LettersOpinion

The Free National Movement is bigger than Peter Turnquest

Dear Editor,

Regarding the troubling allegations of fraud concerning Alpha Aviation Limited, Advanced Aviation Limited, and Deputy Prime Minister K. Peter Turnquest, the East Grand Bahama MP should be given the full benefit of the doubt by the Bahamian people.

Since assuming the posts as MP for East Grand Bahama in 2012 and DPM and Finance Minister in 2017, Turnquest has acted in his parliamentary and Cabinet positions with integrity and professionalism.

Unlike a certain internet news source, Bahamians should not act as judge, jury, and executioner due to partisan politics.

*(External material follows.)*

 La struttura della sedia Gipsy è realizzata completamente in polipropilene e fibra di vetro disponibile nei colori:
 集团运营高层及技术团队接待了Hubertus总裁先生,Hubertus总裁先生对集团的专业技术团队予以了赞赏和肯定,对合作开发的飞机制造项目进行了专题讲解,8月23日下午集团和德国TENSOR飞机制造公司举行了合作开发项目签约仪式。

That is for the courts to decide, not social media and its plethora of armchair legal experts.

Turnquest will have ample opportunity to clear his name.

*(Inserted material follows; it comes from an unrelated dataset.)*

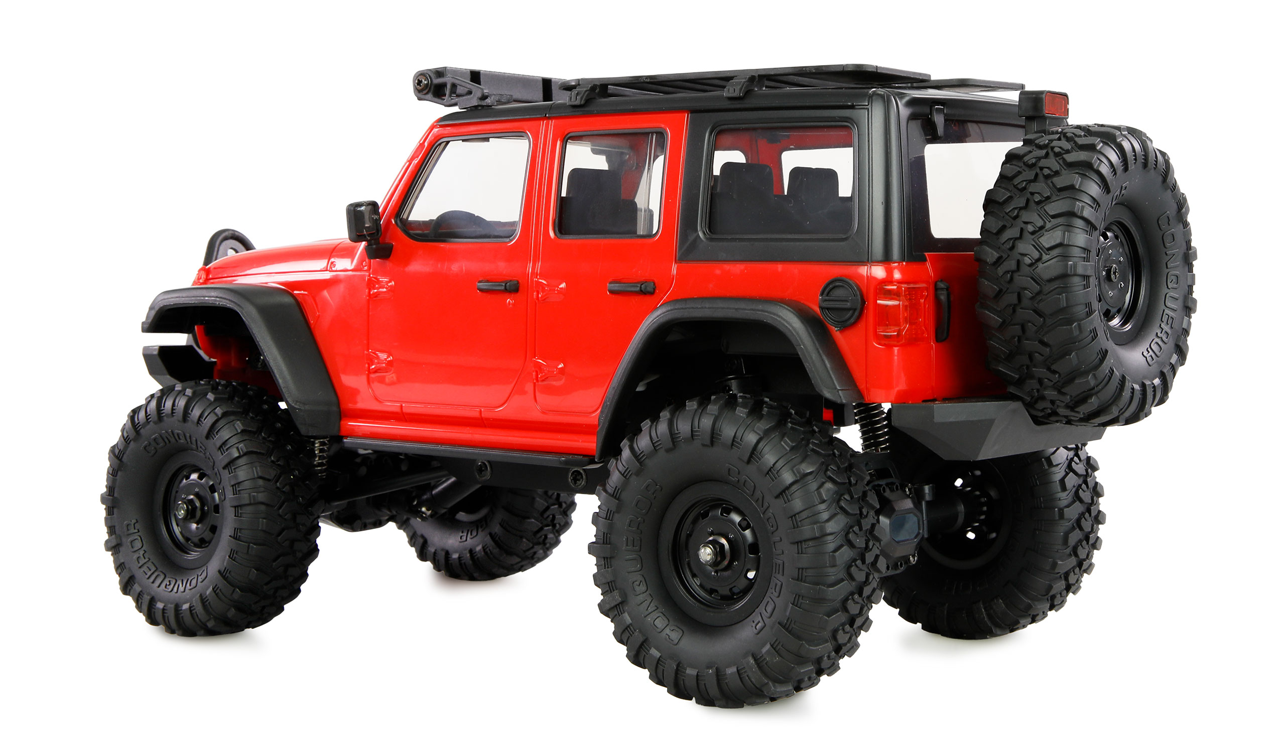Das Modell verfügt über eine hochwertige Karosserie im Crosstrail-Design, die in rot gehalten ist. Mit seiner kompakten Größe eignet sich der Mini-Crawler sowohl für Indoor-Parcours als auch für Outdoor-Abenteuer. Die präzise Federung und die griffigen Reifen sorgen für realistische Fahreigenschaften und ein authentisches Offroad-Erlebnis.

However, as a political observer, I think it would be in the best interests of the Free National Movement (FNM) administration of Prime Minister Dr. Hubert Minnis and the Turnquest family for the East Grand Bahama MP to resign from his Cabinet post, at least until this matter is all cleared up.

By shedding the awesome responsibility of overseeing The Bahamas’ finances, Turnquest can focus his undivided attention on dealing with his legal matters.

By staying put, Turnquest has unwittingly derailed the FNM’s anti-corruption agenda, while simultaneously breathing new life into the Progressive Liberal Party (PLP), which has already experienced a strong surge of popularity among tens of thousands of Bahamians who are wary of Minnis’ handling of the COVID-19 pandemic.

Pundits have claimed that the Turnquest legal matter will weaken the FNM’s chances of being re-elected.

With the recent election loss in the United States by President Donald Trump, owing to the fallout from COVID-19, Turnquest, I believe, won’t figure prominently in the minds of Bahamian voters in 2022, COVID19 will.

Bear in mind that prior to COVID-19, Trump’s economy was performing at record levels with the jobless rate being in the low single digits.

Trump seemed poised to win re-election.

That all changed when COVID-19 became a health factor in North America in early 2020.

The Minnis administration will be judged on the basis of bread-and-butter issues stemming from COVID-19, I think.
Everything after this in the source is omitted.